One of Britain’s contributions to this second cold war is the planned 40 per cent expansion in its stock of nuclear weapons.
The US-Britain-Australia pact is an aggressive escalation of military intervention in the Asia-Pacific region and in particular, in the South China Sea. The new military pact between Australia and Japan does likewise. France wants to strengthen the military dimension of the EU beyond the reach of US domination, with or without some form of British collaboration.
The Communist Party of Britain’s 56th Congress set the perspectives and priorities for our work over the coming two years, with an emphasis on building solidarity and unity between campaigning bodies in a popular, democratic anti-monopolies alliance.
We have to:
• Promote green jobs and the New Deal for Workers.
• Work with unions to organise and mobilise precarious, low-paid and young workers and the unemployed.
• Oppose a new austerity for the working class and strengthen the People’s Assembly.
• Campaign against carbon emissions, for environmental security.
• Launch a campaign against energy price rises and for public ownership.
• Defend women’s rights, promote the Charter for Women and build the National Assembly of Women.
• Promote a new initiative against racist immigration and nationality laws.
• Defend and rebuild the NHS.
• Highlight the policies needed to resolve Britain’s housing crisis.
• Win the labour movement to support “progressive federalism.”

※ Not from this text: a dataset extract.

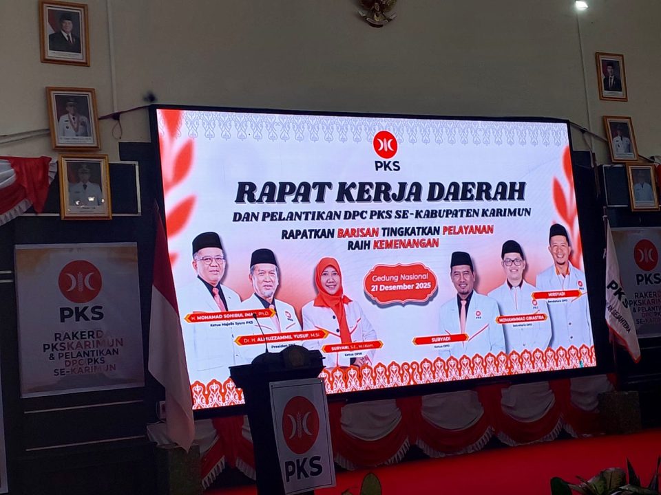 Karimun, beritakita.info– Dewan Pimpinan Daerah (DPD) Partai Keadilan Sejahtera (PKS) Kabupaten Karimun menggelar Rapat Kerja Daerah (Rakerda) Tahun 2025 sekaligus pelantikan Dewan Pimpinan Cabang (DPC) PKS dari 14 kecamatan se-Kabupaten Karimun. Kegiatan tersebut berlangsung di Gedung Nasional Karimun, Minggu (21/12/2025) pagi.

• Oppose the new cold war and strengthen the peace movement and the British Peace Assembly
In this work, we will also promote the Morning Star and work closely with the Young Communist League.
For the local elections on May 5, the Communist Party will stand candidates and run campaigns showing the real political alternative to state-monopoly capitalist policies and rehashed New Labourism.
The Communist Party must continue to grow in numbers and influence if we are to play a significant role in the fightback. Our district and national congresses later this year will be an important opportunity to strengthen our work and organisation at these vitally important levels.
Our members have elected this executive committee to show leadership, which we must do in deeds as well as words, setting a personal example whenever possible.